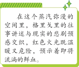 坐在那里听格里戈里讲话,让人特别愉快。炉子里摇曳着红红的火光,大锅里冒着乳白色的雾气,它们升到屋顶斜面的木板上凝成一层霜,透过天花板的缝隙,我还可以望到一线蔚蓝的天空。
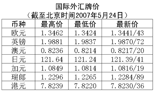 根據(jù)中國人民銀行授權(quán)中國外匯交易中心發(fā)布的公告,2007年5月24日銀行間外匯市場美元等交易貨幣對人民幣匯率的中間價為:1美元兌人民幣7.6525元,1歐元兌人民幣10.2953元,100日元兌人民幣6.2960元,1港幣兌人民幣0.97816元,1英鎊兌人民幣15.2002元。
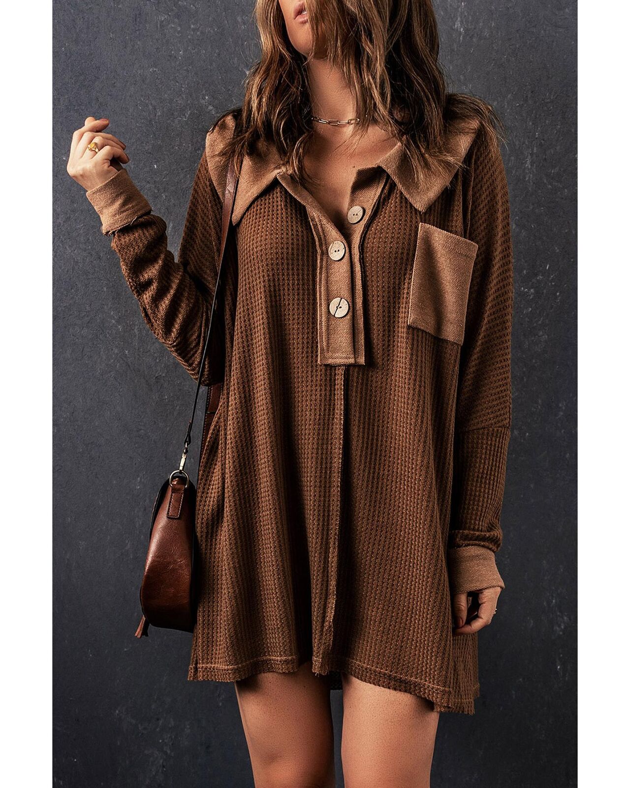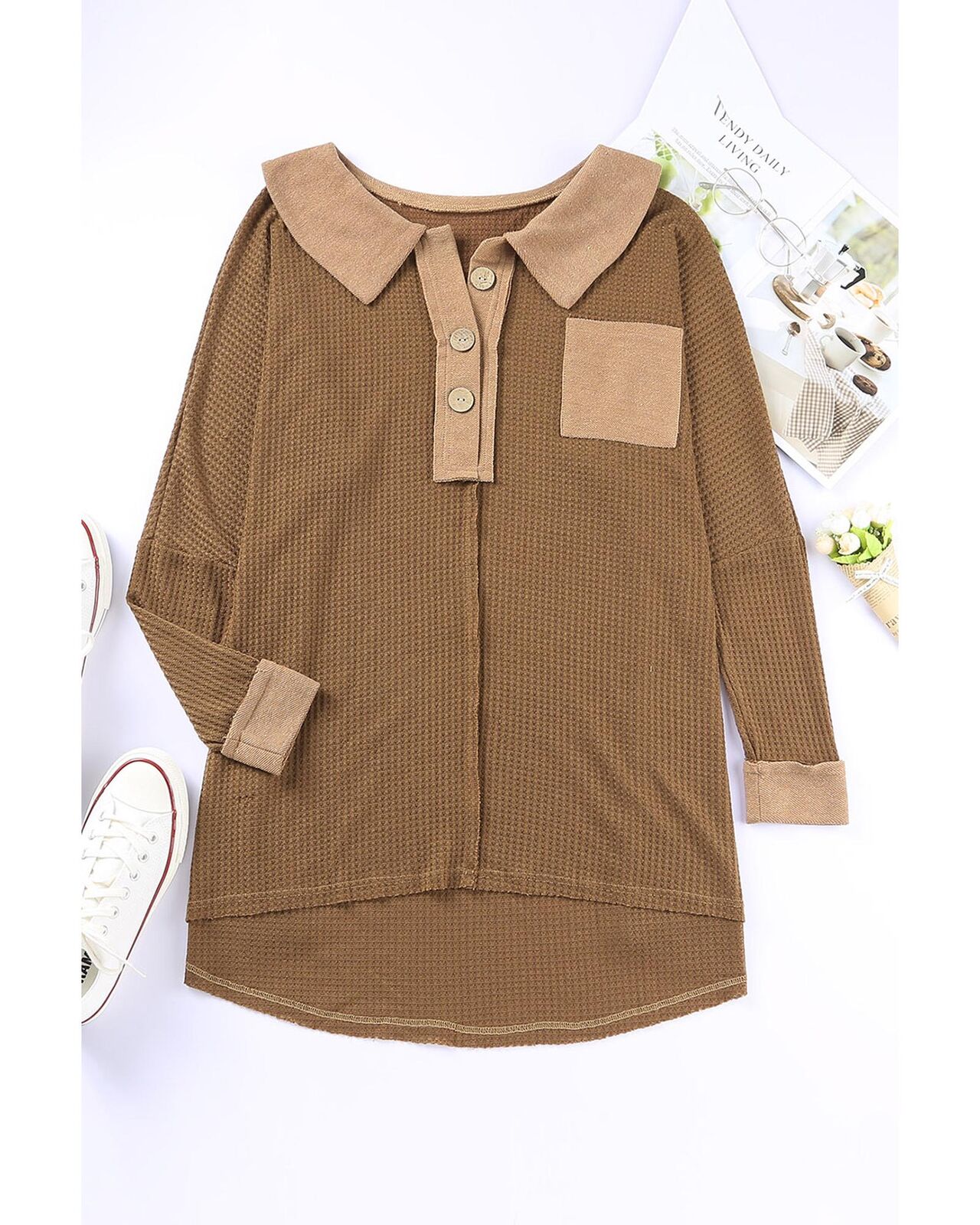 • Stylish and versatile waffle knit top

§ **About this exercise**
Set down the data again, exactly, without images.

§ **Answer section**
 坐在那里听格里戈里讲话,让人特别愉快。炉子里摇曳着红红的火光,大锅里冒着乳白色的雾气,它们升到屋顶斜面的木板上凝成一层霜,透过天花板的缝隙,我还可以望到一线蔚蓝的天空。
 根據(jù)中國人民銀行授權(quán)中國外匯交易中心發(fā)布的公告,2007年5月24日銀行間外匯市場美元等交易貨幣對人民幣匯率的中間價為:1美元兌人民幣7.6525元,1歐元兌人民幣10.2953元,100日元兌人民幣6.2960元,1港幣兌人民幣0.97816元,1英鎊兌人民幣15.2002元。
 • Stylish and versatile waffle knit top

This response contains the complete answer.